THE EQUATION OF TIME

Claudius Ptolemy, a Greek astronomer working in Alexandria around 150 CE, was an intellectual of the foremost ability. He wrote the greatest work of classical astronomy - the so-called Almagest.

This was the leading astronomical text until Copernicus some 1400 years later.

…mortal as I am, I know that I am born for a day. But when I follow the serried multitude of the Stars

in their circular course, my feet no longer touch the Earth… Ptolemy, Almagest

in their circular course, my feet no longer touch the Earth… Ptolemy, Almagest

He also wrote the defining work of Geography and another on Astrology.

Ptolemy - along with Euclid (Geometry), Galen (Medicine), Aristotle (Natural Philosophy & Cosmology) - defined what we now call science until the Enlightenment in the late 16th C and early 17th Century

In his book the Almagest, without any means to directly measure the length of the day, he worked out that solar days were not of equal length. This was a feat of extraordinary intellectual vigour.

On the Inequality of Solar Days

…. it seems appropriate to add a brief discussion of the subject of the inequality of the solar day.

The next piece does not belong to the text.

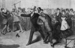 Crime Scene — President Garfield is shot in the back by Charles Guiteau at the Washington, DC railroad station, Frank Leslie’s Illustrated Newspaper, July 1881. The nation’s leader would died in Long Branch two months later.

A grasp of this topic is a necessary prerequisite, since the mean motions which we tabulate for each body are all arranged on the simple system of equal increments, as if all solar days were of equal length. However, it can be seen that this is not so……..for two reasons:

firstly, because of the sun’s apparent anomaly:

secondly, because equal sections of the ecliptic do not cross ….. the meridian in equal times.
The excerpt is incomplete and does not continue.